What 170,000 Users Taught Me About AI Trust at Scale
The number that changed how I think about AI wasn’t an accuracy metric or a latency benchmark. It was this: 78 percent of our customers preferred self-service, but only 9 percent could actually complete it successfully.
I’d been building AI-powered support systems at Cisco for years when that stat landed on my desk. We’d been measuring the wrong things. We’d been optimizing models, tuning retrieval pipelines, and celebrating chatbot deflection rates. Meanwhile, the vast majority of customers who wanted to help themselves were failing-silently, repeatedly, and at scale.
That gap-between intent and success-became the mission. And what I learned over the next three years, serving 170,000 users across dozens of products, changed my understanding of what AI systems actually need to work.
The light-bulb moment
Our first prototype lived inside Firewall Management Center. When disk usage spiked, instead of showing an error code and leaving the customer to figure it out, a guided fix appeared-context, steps, and a hand-off to a support case if needed. No screenshots to capture. No experience to retell. No friction.
A customer told us: “I didn’t have to leave the product to get help.”
That sentence sounds simple. It wasn’t. Behind it was a bet we’d made: that support shouldn’t be a destination customers travel to, but something woven into the product itself. The technical work to make that happen-contextual intelligence, dynamic overlays, real-time telemetry-was significant. But the real breakthrough wasn’t technical. It was the realization that customers don’t want “support.” They want progress. If you save them time and mental energy, they trust you. If you add friction, they leave-no matter how smart your AI is.
What scale breaks
Everything works differently at 170,000 users.
At 1,000 users, edge cases are rare. At 170,000, every edge case is a daily occurrence. The model that handles 95 percent of queries gracefully will fail dozens of times a day at scale-and each failure erodes trust for that specific customer in a way that aggregate accuracy numbers can’t capture.
We learned this the hard way. Our early GenAI integration-plugging an LLM into support data for the Wireless Compatibility Matrix-answered confidently and wrongly. It was like watching a brilliant intern hallucinate. Support data isn’t prose; it’s logic. When you flatten structured relationships into text for retrieval, you lose meaning. We had to go back to the drawing board and teach the AI context, not just content.

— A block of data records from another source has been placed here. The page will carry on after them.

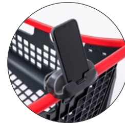
Portamóviles Mobile phone holder
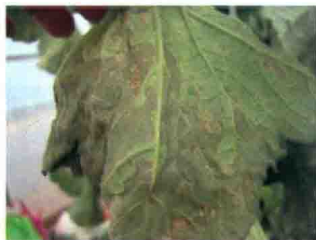
叶背发病后期症状
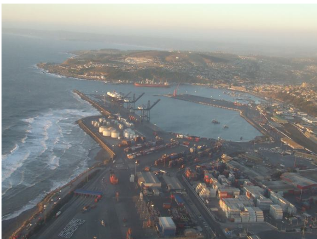
Puerto de San Antonio - Chile

ECOTURISMO Turismo de Interés Especial Observación de Avifauna Contemplación de la Naturaleza Recorridos Fotografía

But the deeper lesson about scale wasn’t about model accuracy. It was about trust architecture. When you serve 170,000 users, you need systems that fail gracefully, that know when they don’t know, and that hand off to humans without losing context. Confidence isn’t just a model output-it becomes a product feature. We started measuring confidence alongside resolution time because confidence is what drives loyalty.

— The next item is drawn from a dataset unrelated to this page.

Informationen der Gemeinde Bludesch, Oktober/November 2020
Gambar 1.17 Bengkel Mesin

The behavior change nobody expected
After we’d been running embedded guidance on Cisco.com for about a year-with over 100,000 unique users-we noticed something we hadn’t predicted. Users stopped searching for help. They started expecting it to appear.
That behavioral shift was the moment I realized we’d crossed a threshold. We hadn’t just built a support tool. We’d changed what users believed a product should do for them. The bar had moved permanently.
One admin using Cyber Vision IoT put it in words I still think about: “For the first time, the product felt like it cared that I had a problem.”
That’s not a technical metric. It’s a trust signal. And it doesn’t come from model architecture-it comes from meeting customers in the moment of need, consistently, across enough interactions that they begin to rely on it.
What I’d tell you if you’re building this
Three things I wish I’d understood at the start:
First, the gap between “works in demo” and “works at scale” is almost entirely a trust gap. The demo shows the happy path. Scale exposes every failure mode, every edge case, and every moment where the system’s confidence doesn’t match the user’s expectation. Design for the failures, not just the successes.
Second, AI accuracy is necessary but not sufficient. Users don’t experience accuracy as a percentage. They experience it as “did this help me right now, with my specific problem, in my specific context?” A system that’s 95 percent accurate overall but wrong for your problem has failed you completely.
Third, the cultural shift is harder than the technical shift. Making support “part of the product DNA”-where engineering teams think about guided experiences alongside features-required changing how teams think about their responsibility to customers. That took longer than any architecture decision.
We started this journey asking “where do customers go to find support?” We ended up asking a different question entirely: “What if support found them first?”
The answer turned out to be less about AI and more about trust. Build systems that are honest about their limitations, graceful in their failures, and relentless about meeting people in the moment of need. Everything else is implementation detail.